Il fait la grimace en lisant mon message puis remet son téléphone dans sa poche avant de s’approcher de nous.

— Alors, voici les espions qui me surveillent ! dit-il en souriant. Vous essayez de travailler ici ?

— On ne te surveille pas, on vit nos vies, ris-je. Elle avait une main de sorcière ? Ou elle sentait l’oignon ? Parce que d’après Evan, c’est un coup d’enfer…

— Ah oui ? Je crois que j’ai déjà goûté à mieux, pour ma part, répond-il en me regardant. Evan, je te la laisse sans souci, elle n’a pas froid aux yeux, c’est sûr. Mais ce n’est pas parce que je suis serveur qu’on a le droit de me traiter comme de la marchandise qu’on peut toucher sans mon accord.

— Je comprends, mec, lui dit Evan, mais je t’assure qu’elle a des mains magiques ! Et je veux bien un tuyau pour le mieux auquel tu as goûté, parce que j’ai du mal à y croire et je voudrais bien pouvoir comparer !

— Pour que tout le monde aille s’intéresser à elle ? Tu rigoles, mon Petit ! Je garde mon secret pour moi !

— Attends, ça veut dire que tu as une meuf, Sanders ? s’esclaffe Evan. Le Capitaine de l’équipe de basket est casé ?

— Monsieur le paparazzi est bien mal informé. J’ai dit que j’avais goûté à mieux, pas que j’étais en couple, non plus ! Et toi, quand est-ce que tu te trouves une fille ? Tu traînes toujours avec ma grande sœur, je dois m’inquiéter pour sa virginité ? pouffe-t-il en me faisant un clin d'œil.

— J’ai tenté ma chance je ne sais combien de fois avec ta frangine, elle m’a toujours rejeté sans délicatesse, soupire théâtralement mon meilleur ami. Mais ne te fais pas d’illusions non plus, y a bien longtemps qu’elle n’est plus vierge, la petite !

— Et elle aimerait que tout le café ne soit pas au courant de sa vie sexuelle, messieurs. Merci bien, marmonné-je.

— Oh ça va, ricane Evan, ce n’est un secret pour personne. Le contraire serait plutôt étonnant avec ton air de sainte et ton cul du tonnerre. Sans parler de ton décolleté, faudrait être con pour se refuser à toi. Je peux t’assurer que je n’aurais pas dit non si on n’était pas potes, moi. Je suis même sûr que Liam ne dirait pas non s’il n’était pas ton nouveau frangin.

— C’est clair qu’elle a un décolleté de fou ! C’est vraiment si tabou que ça un frère et sa demi-sœur ? rétorque-t-il avant de s’éloigner en souriant.

Je l’observe rejoindre le comptoir et jette un œil à Evan qui me regarde bizarrement.

— Quoi ?

— Non, non, rien, sourit-il. Je crois que tu lui plais, par contre. L’attrait pour l’interdit, sans doute.

— Eh bien, je te remercie, ris-je. Ça veut dire que sans cet interdit, je n’ai rien pour lui plaire ?

— Bien au contraire, mais ça rajoute ce je ne sais quoi qui fait toute la différence ! Bref, tu pourras dire à vos parents qu’il a été sage au moins !

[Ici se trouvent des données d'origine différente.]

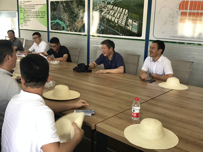 督导组一行实地察看了两潮印染中心污水处理厂、企业自建厂房及通用厂房建设现场,并听取两个印染中心的建设进展情况汇报。
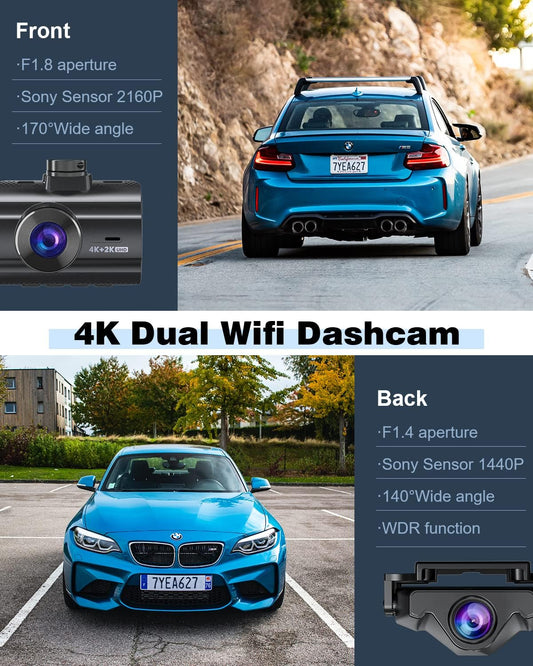 4K Dash Cam Front and Rear, Car Dash Camera Built-in WiFi GPS, Free 64GB Card, UHD 2160P Night Vision, WDR, 170°Wide Angle, WDR, 24H Parking Monitor

Ouais, il a été sage, avec la rousse au moins. Avec moi, cela fait bien longtemps que nous avons franchi le cap du politiquement correct. Ce tabou est insupportable, mais je n’arrive pas à passer outre, moi, même si lui semble tout à fait ouvert à l’idée. On se tourne autour, on se cherche, on merde et ça n’a rien de désagréable. Au contraire… Et même si c’est interdit.